Toxicities include sedation and extrapyramidal side effects (hypotension and cardiac effects)
A black box warning has been added for metoclopramide warning of tardive dyskinesia (muscle movement disorders) with high doses or long-term use (>3 months). These dyskinesias may continue after the metoclopramide is discontinued (irreversible) .

Cannabinoids - Dronabinol – Antiemetic

Cannabinoids – CNS and GI tract – binds to cannabinoid receptor 1 (CB1).
Active metabolite 11-OH-delta-9-tetrahydrocannabinol
Lipid soluble – readily absorbed after oral administration, onset of actions occur within an hour
Bioavailability low because of extensive first pass metabolism
Detectable levels of metabolites for several weeks

Excreted by urine and feces (mostly)
Side effects include:

sedation
dysphoria
dizziness
dry mouth

Anticholinergic Agent

Scopolamine transdermal patch- (to prevent systemic side effects)

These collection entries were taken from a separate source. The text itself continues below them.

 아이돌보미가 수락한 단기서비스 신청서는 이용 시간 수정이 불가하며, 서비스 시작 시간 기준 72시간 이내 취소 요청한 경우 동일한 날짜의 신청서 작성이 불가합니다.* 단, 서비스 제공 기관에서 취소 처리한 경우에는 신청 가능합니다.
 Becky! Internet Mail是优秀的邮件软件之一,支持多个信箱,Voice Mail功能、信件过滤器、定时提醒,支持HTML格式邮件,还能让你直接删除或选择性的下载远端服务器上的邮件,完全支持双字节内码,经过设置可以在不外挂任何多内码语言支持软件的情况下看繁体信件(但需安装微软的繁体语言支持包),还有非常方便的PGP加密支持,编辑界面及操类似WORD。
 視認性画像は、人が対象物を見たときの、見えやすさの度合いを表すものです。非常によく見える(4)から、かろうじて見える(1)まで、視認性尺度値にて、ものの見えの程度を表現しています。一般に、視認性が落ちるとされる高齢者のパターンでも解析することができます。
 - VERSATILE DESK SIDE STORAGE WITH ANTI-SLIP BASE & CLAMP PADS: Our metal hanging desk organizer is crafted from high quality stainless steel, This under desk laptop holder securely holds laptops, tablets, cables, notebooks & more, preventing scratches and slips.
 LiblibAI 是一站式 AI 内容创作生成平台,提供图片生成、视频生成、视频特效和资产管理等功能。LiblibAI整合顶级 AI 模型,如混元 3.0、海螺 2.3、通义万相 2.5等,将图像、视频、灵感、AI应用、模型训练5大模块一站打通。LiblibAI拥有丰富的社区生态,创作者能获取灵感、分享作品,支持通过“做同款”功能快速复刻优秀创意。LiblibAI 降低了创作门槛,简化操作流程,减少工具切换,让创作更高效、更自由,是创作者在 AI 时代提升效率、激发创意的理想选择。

Is a competitive and nonselective muscarinic antagonist
Is the most effective drug for the prophylaxis and treatment of motion sickness.
Is excreted in the urine.

Anticholinergic Agent - Side effects

drowsiness
disorientation
dry mouth
blurred vision
dilated pupils
confusion
hallucinations
difficulty urinating
rash

Histamine (H1R) antagonists

Histamine (H1R) antagonists are used for motion sickness and postoperative emesis (among other uses)
Examples

cyclizine (anticholinergic effects)
hydroxyzine, (low affinity for the muscarinic receptors)
Promethazine (has affinity for cholinergic receptors)
Diphenydramine (potent muscarinic antagonists )

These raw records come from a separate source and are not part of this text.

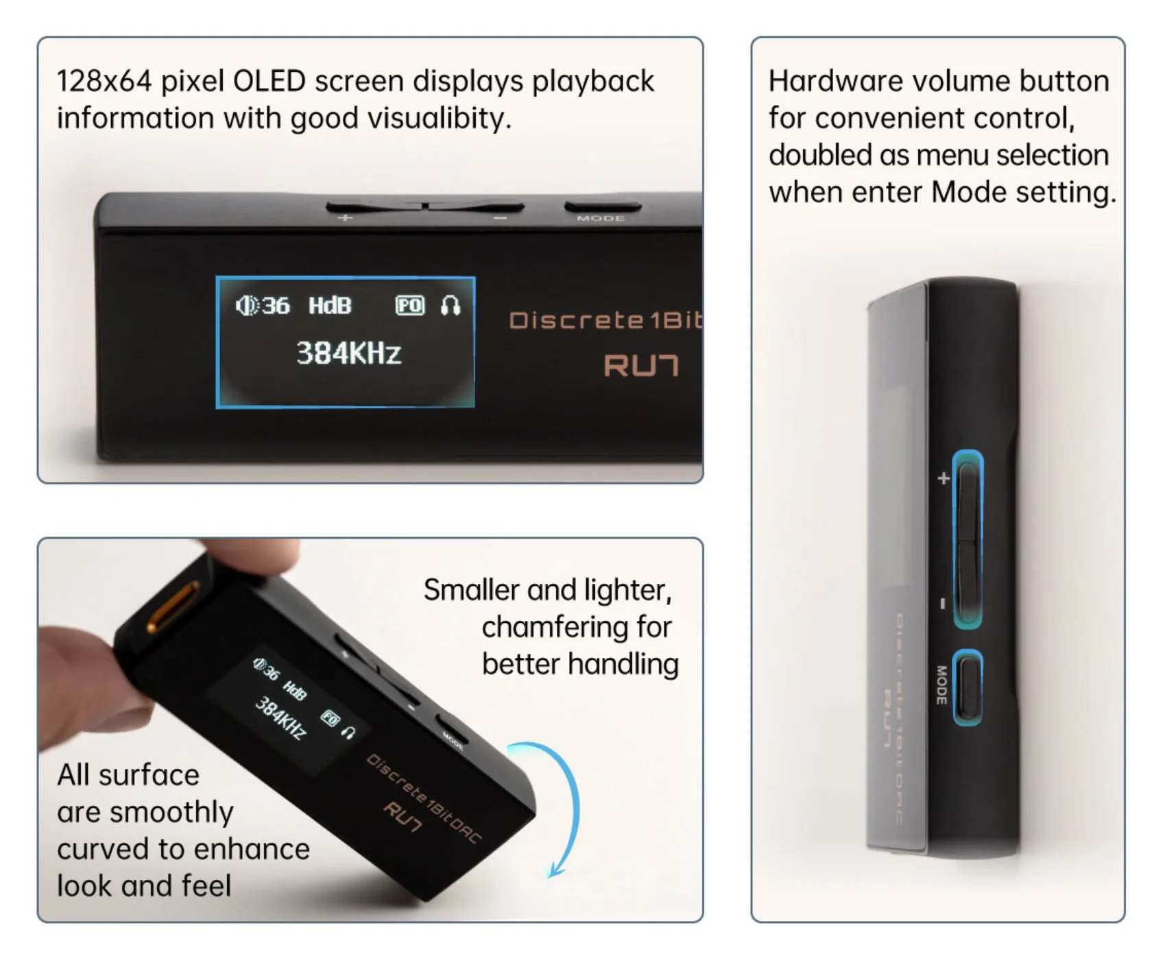 - Màn hình OLED 0.96 inch hiển thị đầy đủ các thông tin quan trọng. Như định dạng nhạc, tần số lấy mẫu, mức âm lượng, và chế độ gain (High/Low).
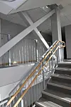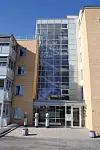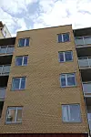 Fasaden er hovedsakelig i teglstein, og i de vertikale feltene er det stopuss. På innsiden er vindusbrettene i granitt. Designen er tiltalende på alle måter. Et minus er innkjøringen til garasje-anlegget som med fordel kunne ha vært bredere.
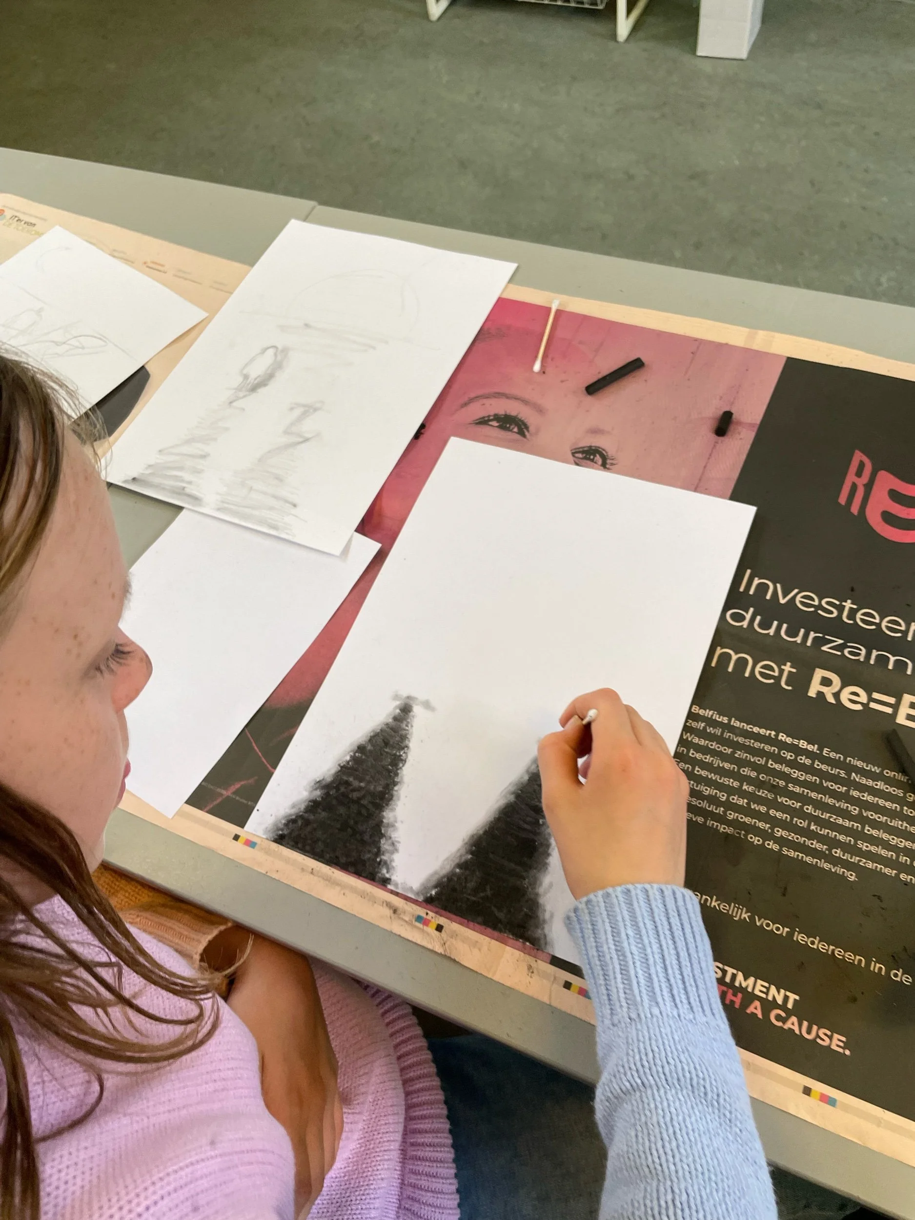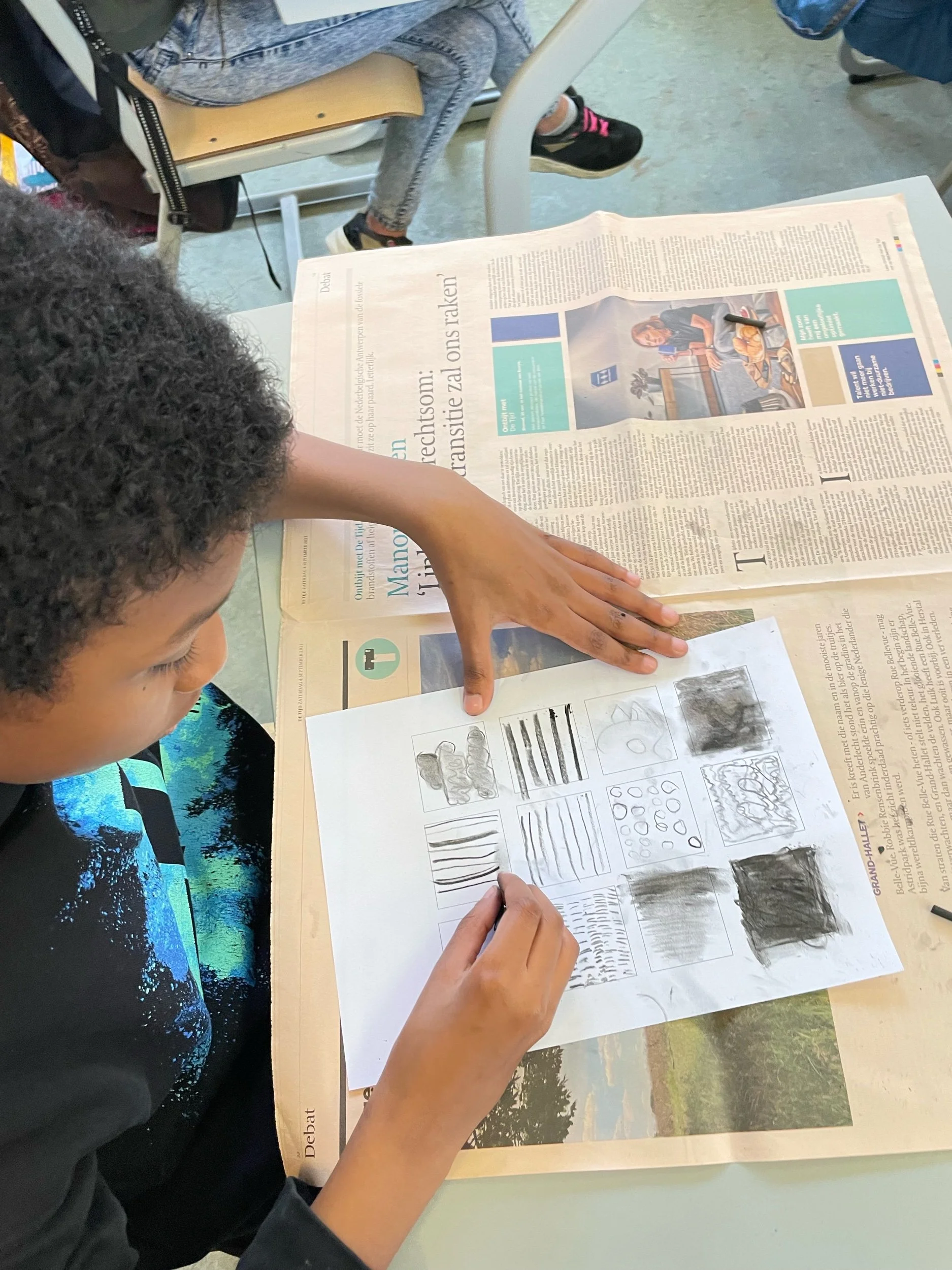 wij leerden werken met het materiaal houtskool. Eerst deden we een materiaalstudie en daarna gingen we zelf creatief aan de slag!

Reduce activity of receptor and compete with histamine binding to the receptor
The H1R antagonists are well absorbed from the GI tract
The drug is distributed widely throughout the body, including the CNS.
Following oral administration, peak plasma concentrations are achieved in 1-3 hours, and effects usually last 4-6 hours; however, some of the drugs are much longer acting
Metabolized in liver and excreted in urine

Antihistamines - Adverse Effects

Most frequent – sedation

Ingested with alcohol or CNS depressants = additive effect = impaired motor skills

The next most frequent side effects involve the digestive tract and include loss of appetite, nausea, vomiting, epigastric distress, and constipation or diarrhea

Sample Study Questions

What are the stimuli that activate the Area postrema (chemo receptive area)?
What areas are stimulated by neurotransmitters from the area postrema?
Which areas would be or not be associated with motion sickness?
What areas would be affected (directly and indirectly) by blood-borne emetics and local irritants?
Where are the serotonin receptors localized and how do they influence the emetic center?
How do stimuli from the CNS or periphery influence the emetic center?
What receptor (s) would be directly affected by local irritants bacteria, radiation and cytotoxic drugs?

What are the names of the 5-HT3 receptor antagonists?
How are 5-HT3 receptor antagonists excreted from the body?
What are some of the common characteristics among them?
What event in the body results most often as a side effect of 5-HT3 use?
Why are 5-HT3 receptor antagonists used?
What are the nerves associated with emesis?
Name NK-1 receptor antagonists
What are the ligands for NK-1 receptors?
When using NK-1 receptor antagonists why is it important to be careful about other medications that utilize the CYP3A4 and CPY2C9 systems? Name some examples.
Name the receptors localized at the CTZ?

What ligands bind to these receptors?
Name the antagonists that block these receptors.

Why should metoclopramide not be given at high doses or used long-term?
What are the properties of cyclizine and other H1 receptor antagonist that would allow them to prevent motion sickness and cause dry mouth?
Name some antihistamine drugs
What are some side effects of antihistamines and anticholinergics?
Which areas in the CNS would be most associated with motion sickness?
Which areas in the CNS could be most associated with gagging?
What are the neurotransmitters associated with motion sickness?
What are the neurotransmitters associated with gagging?